> [PROBLEM TO WORK ON] Your output must reproduce all the records below precisely and contain no pictures.

*****

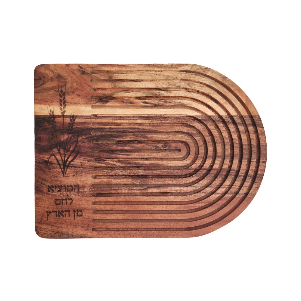 / NATURAL HALF CIRCLE ETCHED WHEAT DESIGN CHALLAH BOARD
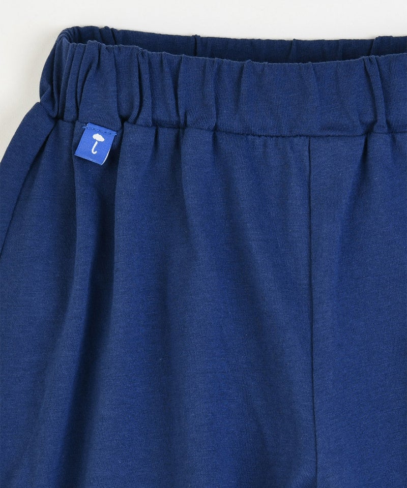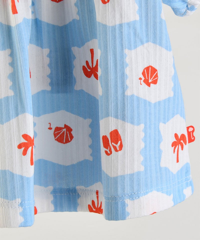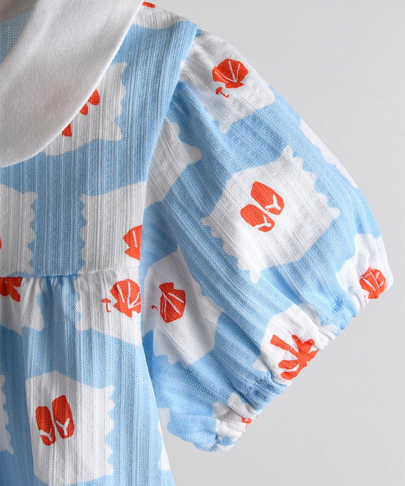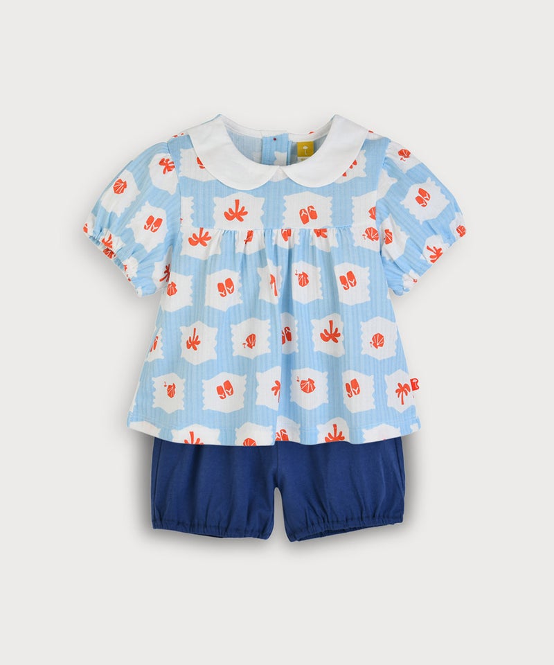 夏らしいアイテムたちがパッチのようにプリントされた丸い襟がかわいい半袖トップスとパンツのセット。
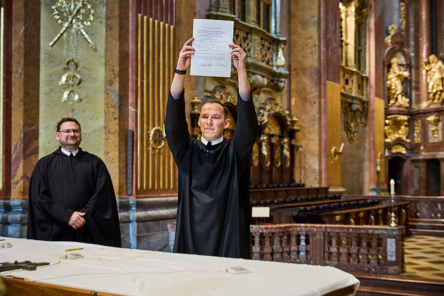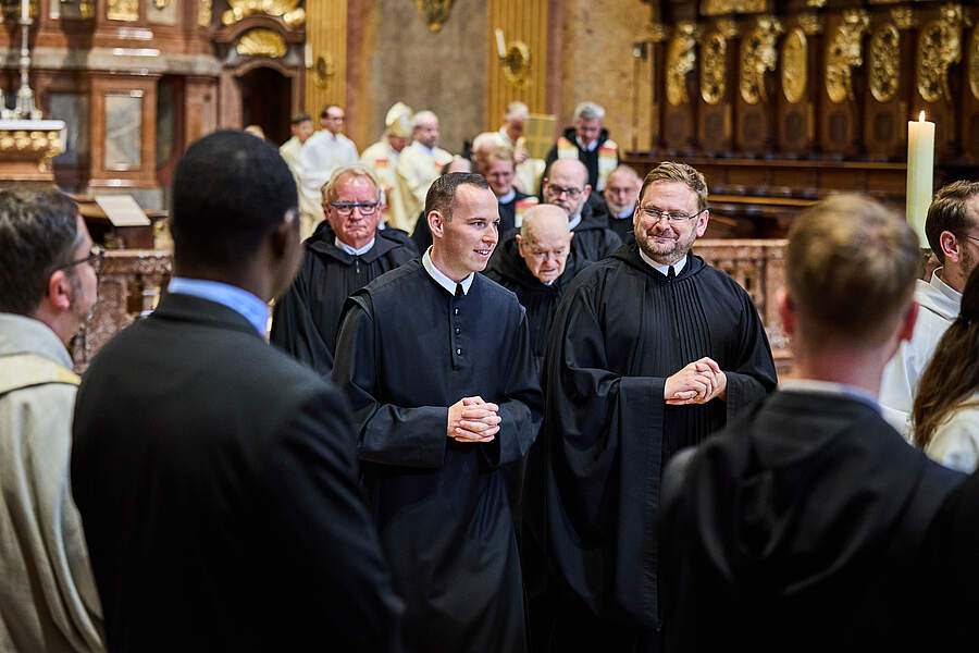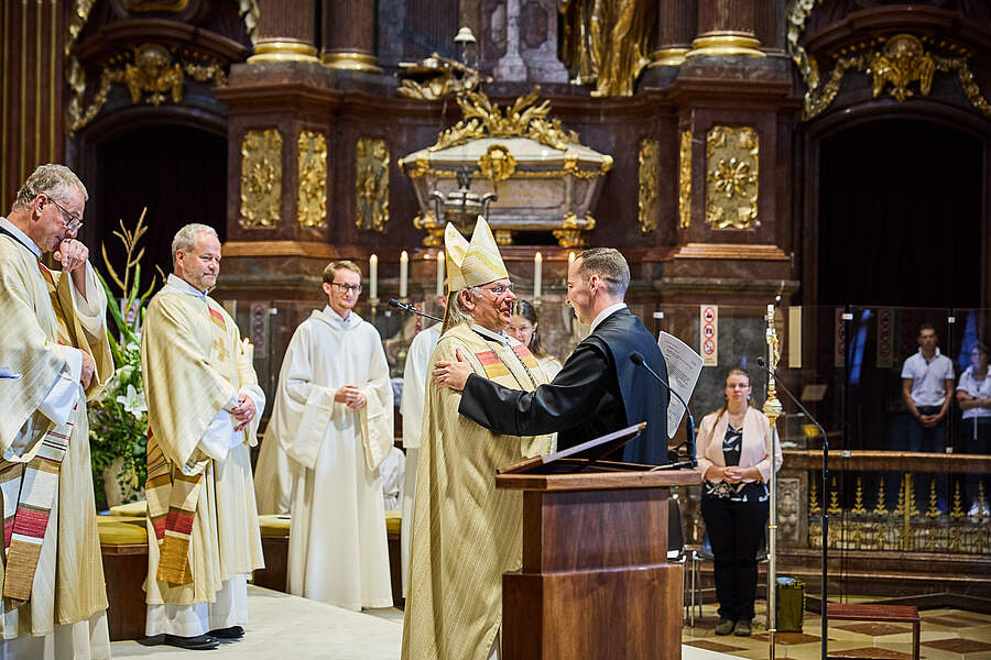 Nicht nur der Konvent des Benediktinerstiftes, sondern auch Familie, Freunde und Wegbegleiter:innen von Fr. Dominik Marold, Mitarbeitende und Freunde des Hauses feierten den festlichen Gottesdienst in der Stiftskirche mit. Im vergangenen Jahr, in dem er sein Noviziat absolvierte, stand das gegenseitige Kennenlernen im Mittelpunkt.
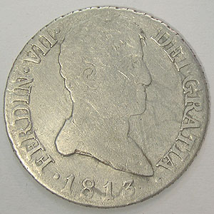 Referencia:133 FERNANDO VII. 2 REALES. 1813. G.J. MADRID. Desgastes,limpiada. BC a BC+. PLATA
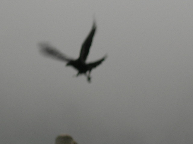 拍到舞動雙翅的烏鴉。
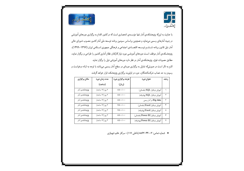 با عنایت به این‌که پژوهشکده‌ی آمار تنها مؤسسه‌ی انحصاری است که در کشور اقدام به برگزاری دوره‌های آموزشی در زمینه آمارهای رسمی می‌نماید و همچنین براساس سومین برنامه توسعه ملی آمار کشور مصوب شورای عالی آمار ذیل قانون برنامه ششم توسعه اقتصادی اجتماعی و فرهنگی جمهوری اسلامی ایران (۱۴۹۹-۱۳۹۶)، پژوهشکده‌ی آمار موظف است دوره‌های آموزشی مورد نیاز کارکنان نظام آماری کشور را طراحی و برگزار نماید، مطابق مصوبات فوق، پژوهشکده‌ی آمار در نظر دارد دوره‌های آموزشی ذیل را برگزار نماید. خواهشمند است دستور فرمائید جهت هماهنگی و ثبت داوطلبان آموزشی آن مجموعه محترم، فهرست همکاران و دانشجویان علاقه‌مند به شرکت در دوره‌ها را حداکثر تا تاریخ ۱۴۰۳/۰۹/۰۵ به پژوهشکده‌ی آمار اعلام شود. همچنین برنامه زمانی برگزاری دوره‌ها و اطلاعات تکمیلی آن‌ها متعاقباً اعلام خواهد شد.
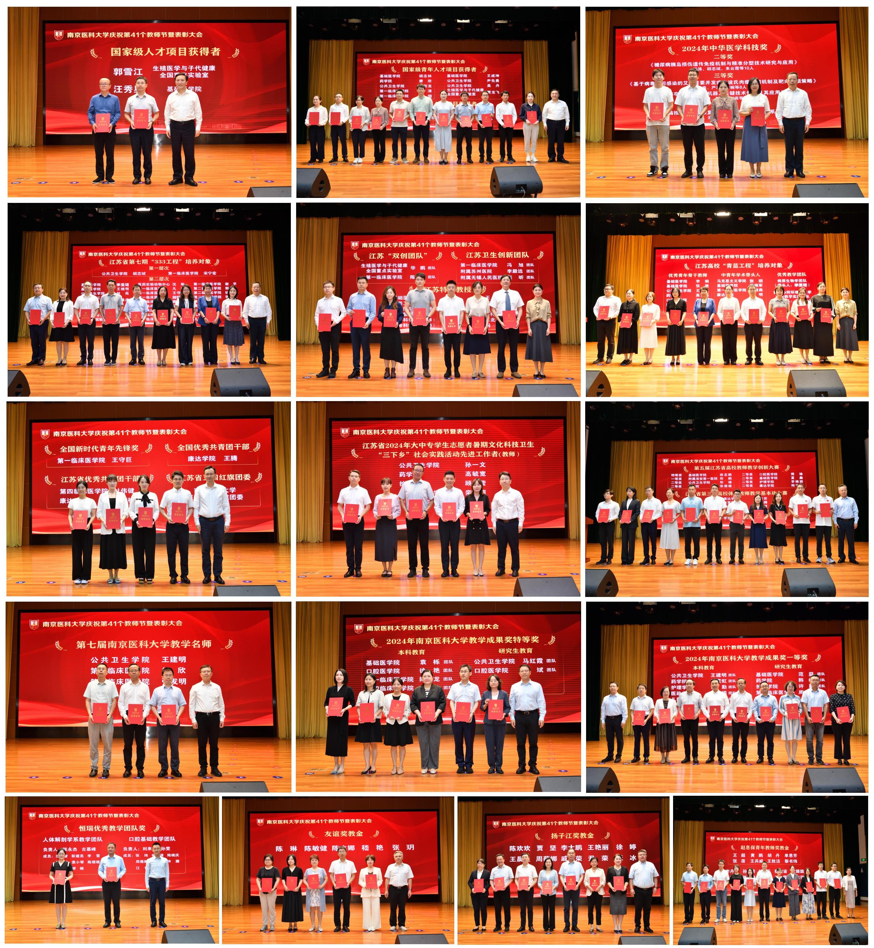 在“奋进篇”中,大会表彰了近一年来在教育教学、科技创新、管理服务等工作中取得突出成绩的先进个人和集体,包括国家级人才项目获得者、省部级科技奖获得者、全国新时代青年先锋奖获得者、江苏省“333工程”培养对象、“青蓝工程”、江苏“双创团队”和江苏特聘教授等。校领导、奖教金设立单位代表分批向获奖个人和集体颁发了荣誉证书。
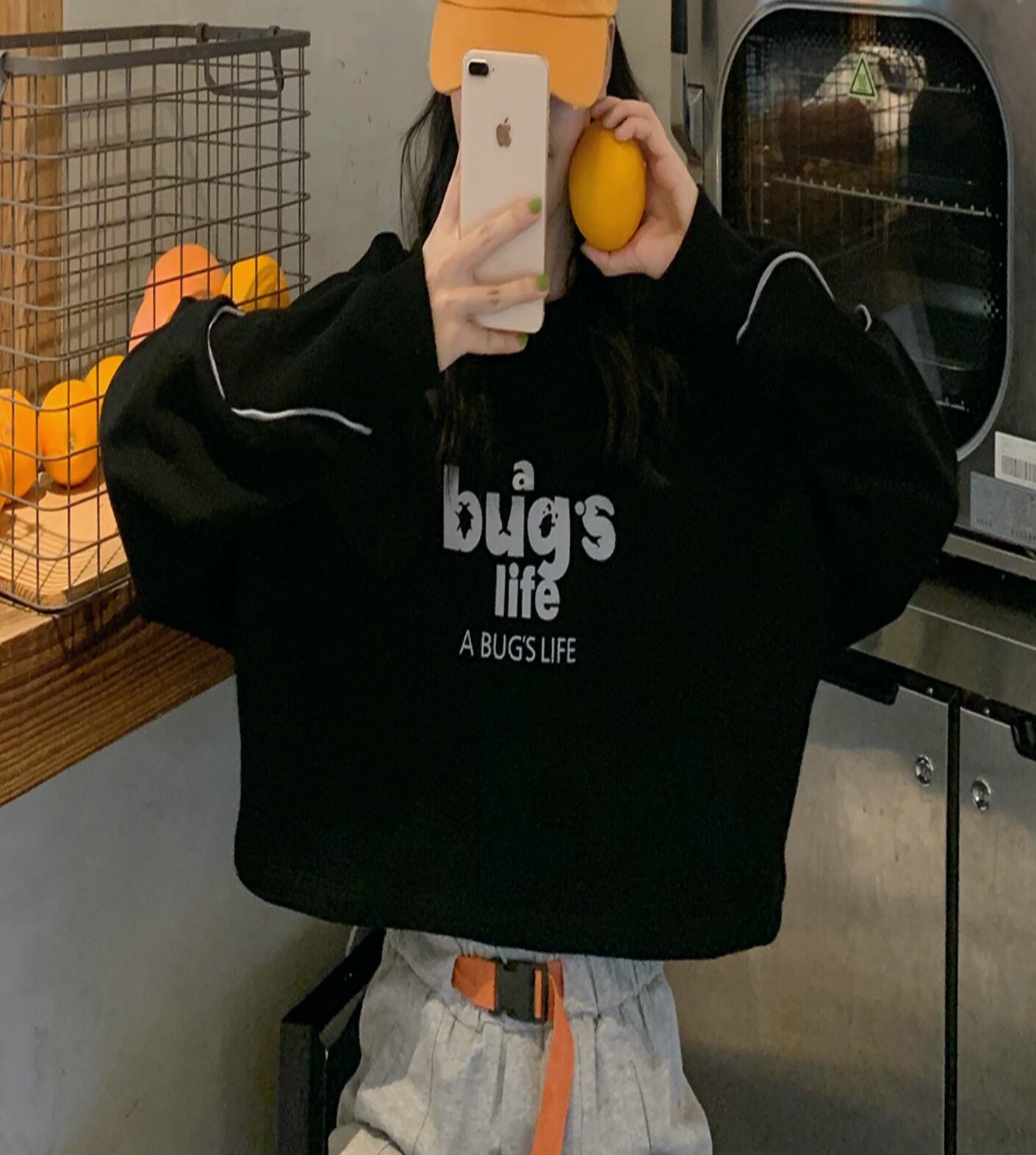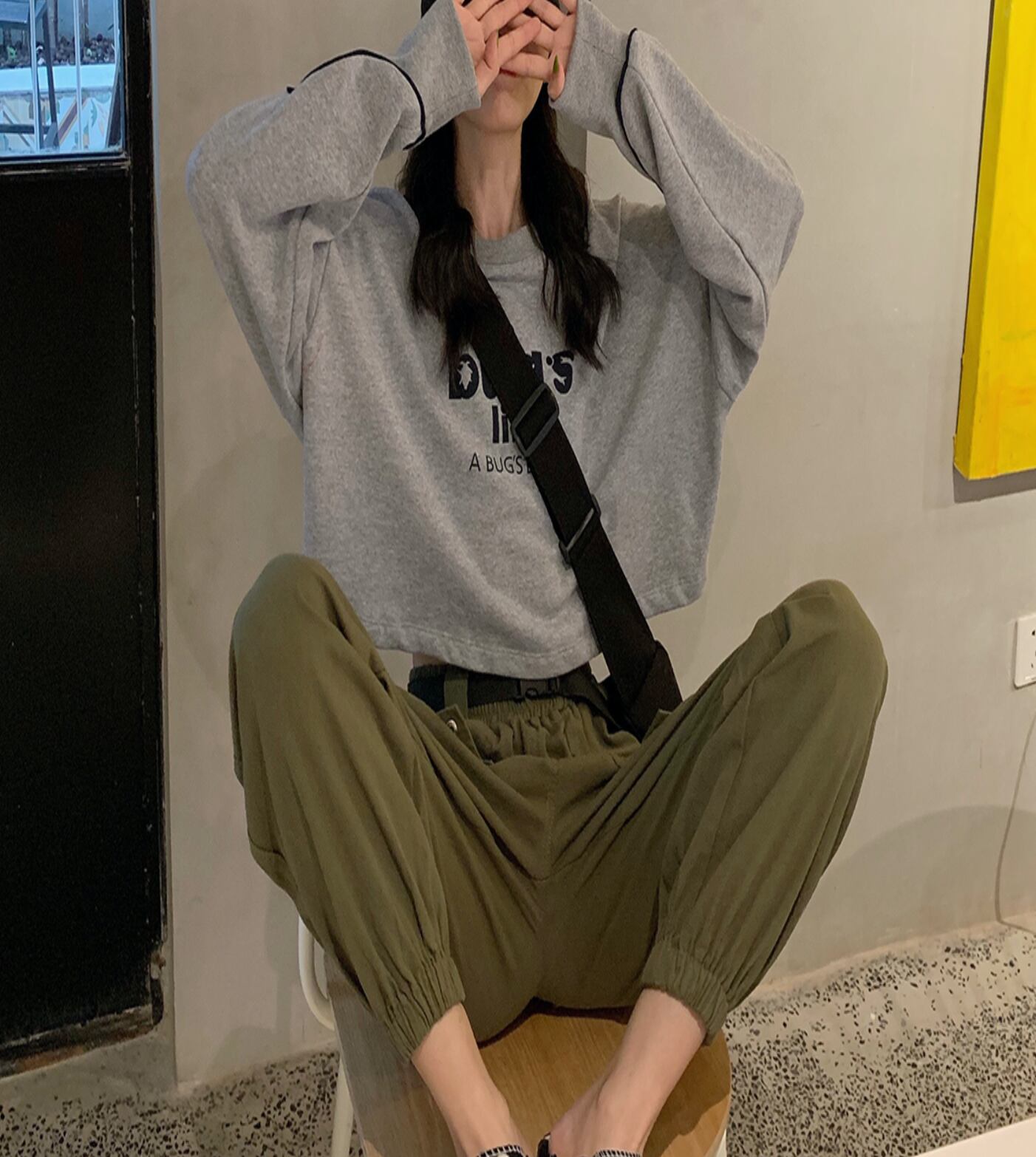 ショート丈スウェットトップス 長袖 韓国風 可愛い

*****

> [PROBLEM SOLUTION]
 / NATURAL HALF CIRCLE ETCHED WHEAT DESIGN CHALLAH BOARD
 夏らしいアイテムたちがパッチのようにプリントされた丸い襟がかわいい半袖トップスとパンツのセット。
 Nicht nur der Konvent des Benediktinerstiftes, sondern auch Familie, Freunde und Wegbegleiter:innen von Fr. Dominik Marold, Mitarbeitende und Freunde des Hauses feierten den festlichen Gottesdienst in der Stiftskirche mit. Im vergangenen Jahr, in dem er sein Noviziat absolvierte, stand das gegenseitige Kennenlernen im Mittelpunkt.
 Referencia:133 FERNANDO VII. 2 REALES. 1813. G.J. MADRID. Desgastes,limpiada. BC a BC+. PLATA
 拍到舞動雙翅的烏鴉。
 با عنایت به این‌که پژوهشکده‌ی آمار تنها مؤسسه‌ی انحصاری است که در کشور اقدام به برگزاری دوره‌های آموزشی در زمینه آمارهای رسمی می‌نماید و همچنین براساس سومین برنامه توسعه ملی آمار کشور مصوب شورای عالی آمار ذیل قانون برنامه ششم توسعه اقتصادی اجتماعی و فرهنگی جمهوری اسلامی ایران (۱۴۹۹-۱۳۹۶)، پژوهشکده‌ی آمار موظف است دوره‌های آموزشی مورد نیاز کارکنان نظام آماری کشور را طراحی و برگزار نماید، مطابق مصوبات فوق، پژوهشکده‌ی آمار در نظر دارد دوره‌های آموزشی ذیل را برگزار نماید. خواهشمند است دستور فرمائید جهت هماهنگی و ثبت داوطلبان آموزشی آن مجموعه محترم، فهرست همکاران و دانشجویان علاقه‌مند به شرکت در دوره‌ها را حداکثر تا تاریخ ۱۴۰۳/۰۹/۰۵ به پژوهشکده‌ی آمار اعلام شود. همچنین برنامه زمانی برگزاری دوره‌ها و اطلاعات تکمیلی آن‌ها متعاقباً اعلام خواهد شد.
 在“奋进篇”中,大会表彰了近一年来在教育教学、科技创新、管理服务等工作中取得突出成绩的先进个人和集体,包括国家级人才项目获得者、省部级科技奖获得者、全国新时代青年先锋奖获得者、江苏省“333工程”培养对象、“青蓝工程”、江苏“双创团队”和江苏特聘教授等。校领导、奖教金设立单位代表分批向获奖个人和集体颁发了荣誉证书。
 ショート丈スウェットトップス 長袖 韓国風 可愛い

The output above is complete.